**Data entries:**
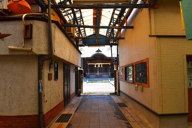 八女町 土橋市場 土橋八幡宮境内に商店街。
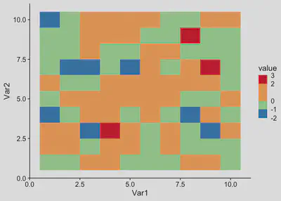 g1 = g + geom_raster(mapping = aes(fill = value)) # for raster plot, "fill" defines the color inside each rectangle
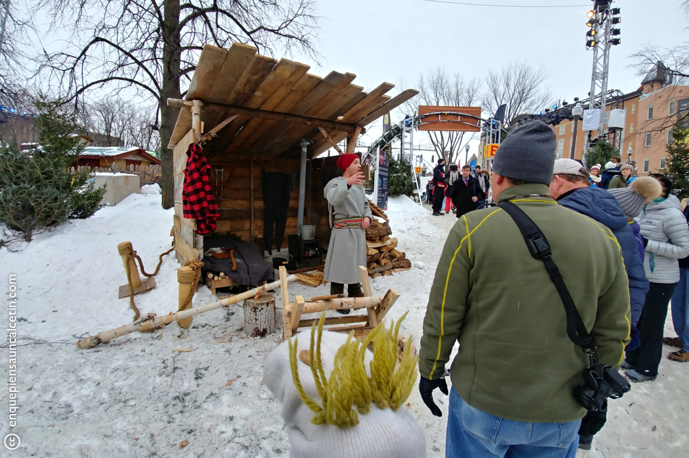 Pero con tanta cosa al aire libre en el frío, ¿cuál es de verdad el secreto para aguantar y sacar ganas para ir a ver más cosas? Pues que al lado de las actividades siempre hay una cabañita o una barra de hielo donde pedirte una cerveza, un vino, un carajillo o un chupito de licor de whiskey con jarabe de arce (muy rico, por cierto); y durante el carnaval no está mal visto pasarte el día bebiendo. Para entrar en calor, ojo, no en plan «vamos a cogernos el mayor moco de nuestra vida» como en las fiestas populares españolas. La vestimenta tradicional incluye un gorro rojo, una especie de bufanda/cinturón tradicional llamada Fléchée (y lo de bufanda/cinturón es literal, porque es para sujetar la ropa sin que te entre frío por el resquicio entre la camiseta y el pantalón) y de manera extraoficial una petaquita en el bolsillo.
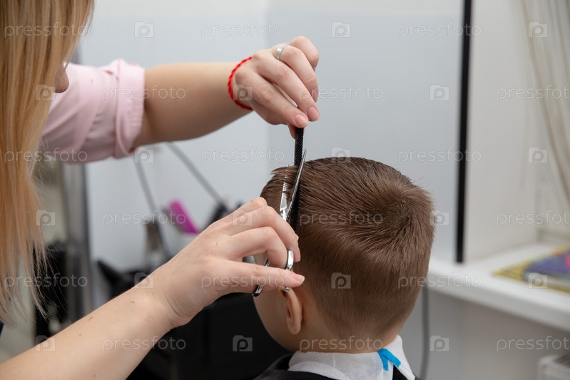 мальчик делает прическу в парикмахерской. Парикмахер делает прическу для мальчика
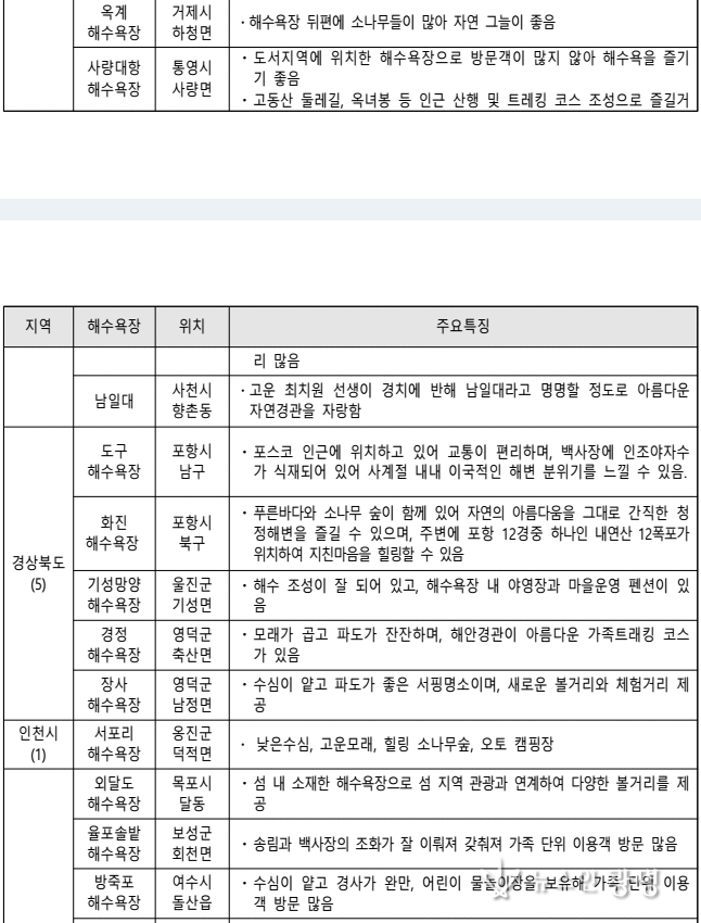 지역별 한적한 해수욕장은 강원지역 12곳, 경북지역 5곳, 경남지역 7곳, 전남지역 13곳, 전북지역 3곳, 충남지역 7곳, 인천과 제주가 각각 1곳씩 선정되었다.
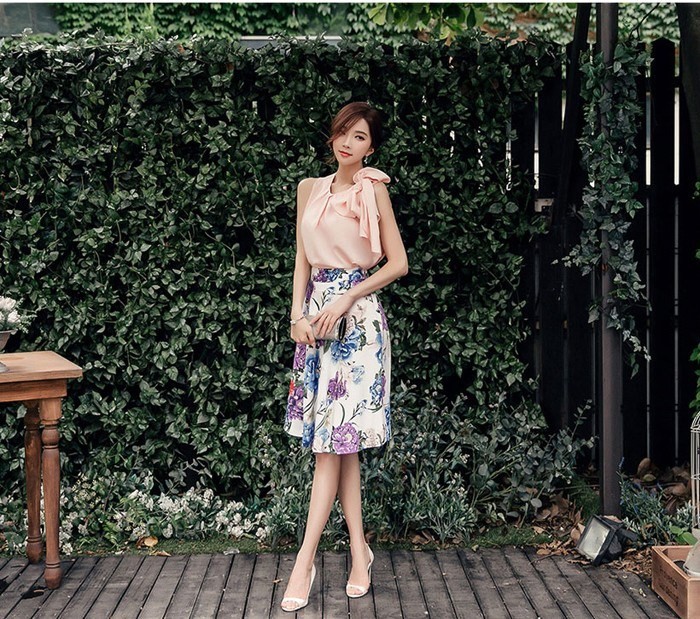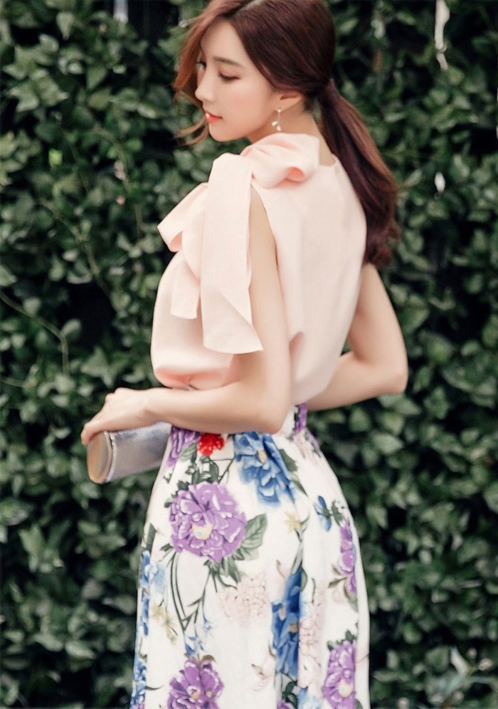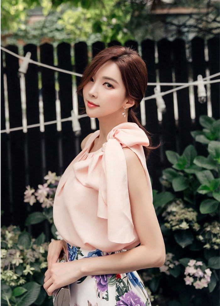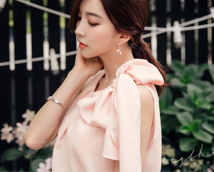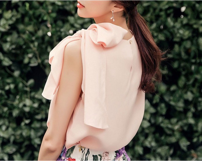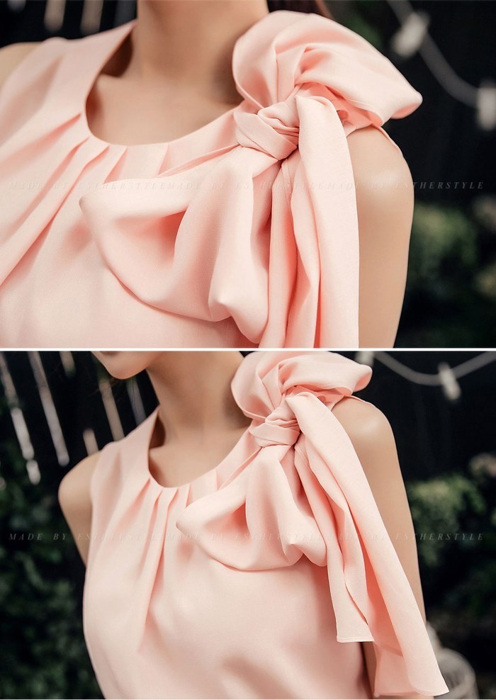 商品名:ブラウス ノースリーブ 無地 リボンブラウス きれいめ
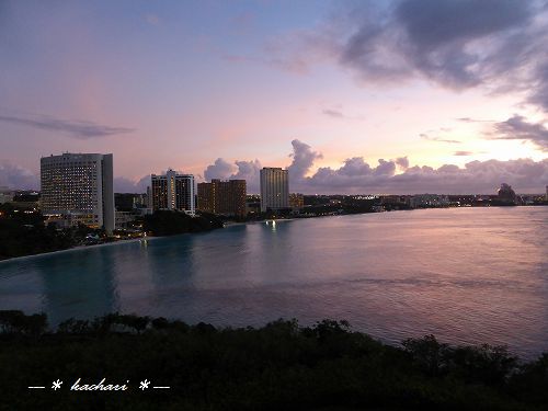 全室オーシャンフロントのホテル。タモンビーチビューは、高台から夕暮れのホテル群がきれいで気に入りました。
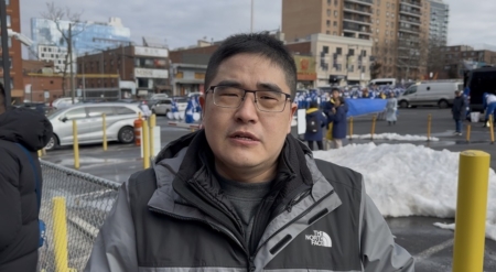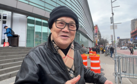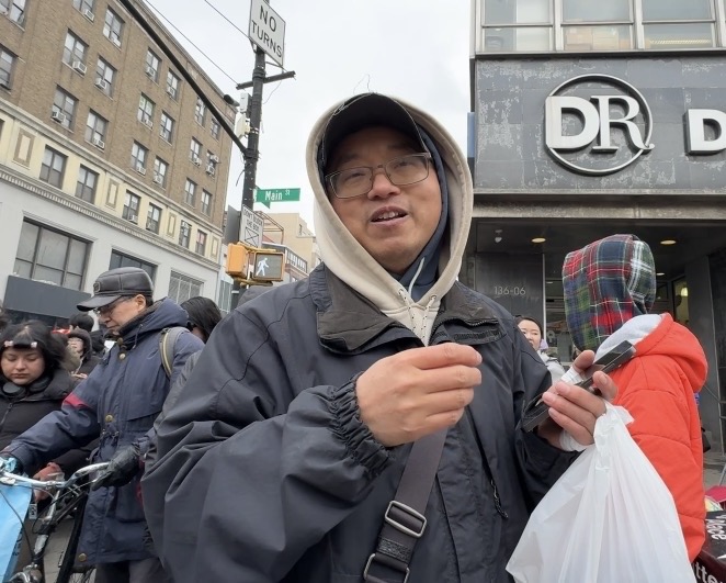 85岁的基督教徒吴崇若站在法拉盛图书馆前观看游行,他对法轮功赞不绝口,他表示:“法轮功最了不起的就是‘真、善、忍’,今后中国的文化、道德重建,要靠‘真、善、忍’;今后李洪志大师在中华民族的文化复兴上,我相信他会担当历史责任。”
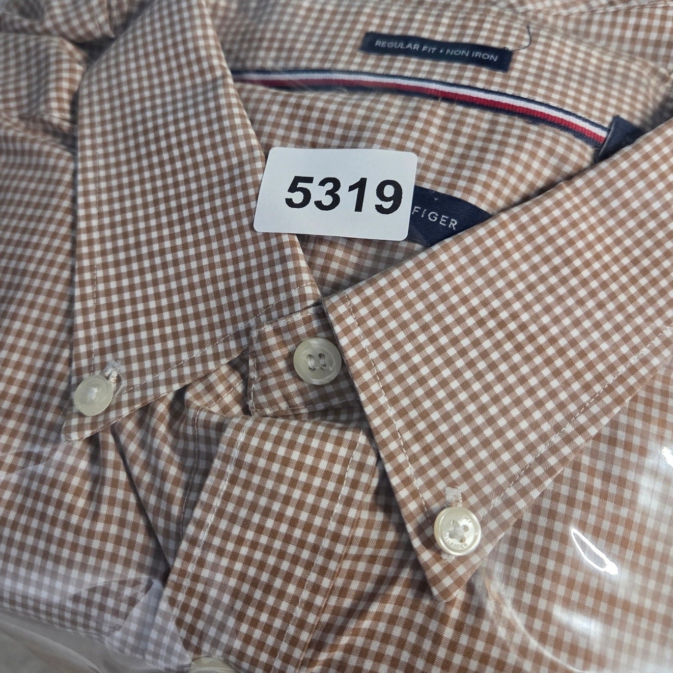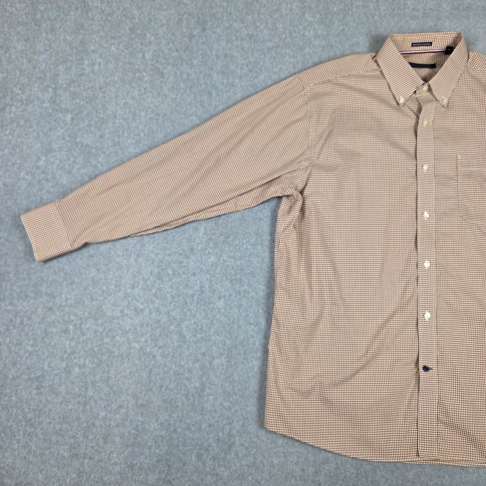 Tommy Hilfiger Shirt Mens Size 17 34/35 Regular Fit Non Iron Brown Gingham
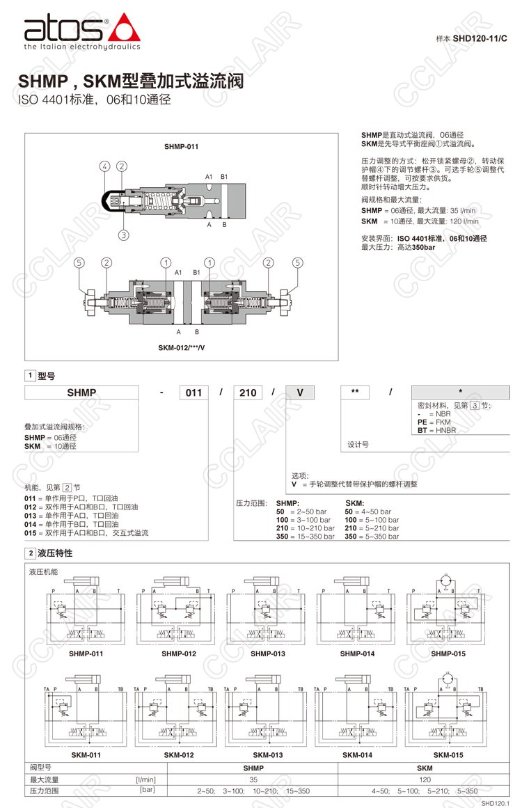 ATOS阿托斯,疊加式溢流閥SHMP-011/50/V,SHMP-011/100/V,SHMP-011/210/V,SHMP-014/100/V,SHMP-014/210/V,SHMP-014/350/V,SKM-013/50/V,SKM-013/100/V,SKM-013/210/V,SKM-013/350/V,SKM-015/50/V,SKM-015/100/V,SKM-015/210/V,SKM-015/350/V

**Problem details:** Reproduce the records above from their first line to the line bearing "мальчик делает прическу", both ends included, leaving every picture out.

**Solution for this task:**
 八女町 土橋市場 土橋八幡宮境内に商店街。
 g1 = g + geom_raster(mapping = aes(fill = value)) # for raster plot, "fill" defines the color inside each rectangle
 Pero con tanta cosa al aire libre en el frío, ¿cuál es de verdad el secreto para aguantar y sacar ganas para ir a ver más cosas? Pues que al lado de las actividades siempre hay una cabañita o una barra de hielo donde pedirte una cerveza, un vino, un carajillo o un chupito de licor de whiskey con jarabe de arce (muy rico, por cierto); y durante el carnaval no está mal visto pasarte el día bebiendo. Para entrar en calor, ojo, no en plan «vamos a cogernos el mayor moco de nuestra vida» como en las fiestas populares españolas. La vestimenta tradicional incluye un gorro rojo, una especie de bufanda/cinturón tradicional llamada Fléchée (y lo de bufanda/cinturón es literal, porque es para sujetar la ropa sin que te entre frío por el resquicio entre la camiseta y el pantalón) y de manera extraoficial una petaquita en el bolsillo.
 мальчик делает прическу в парикмахерской. Парикмахер делает прическу для мальчика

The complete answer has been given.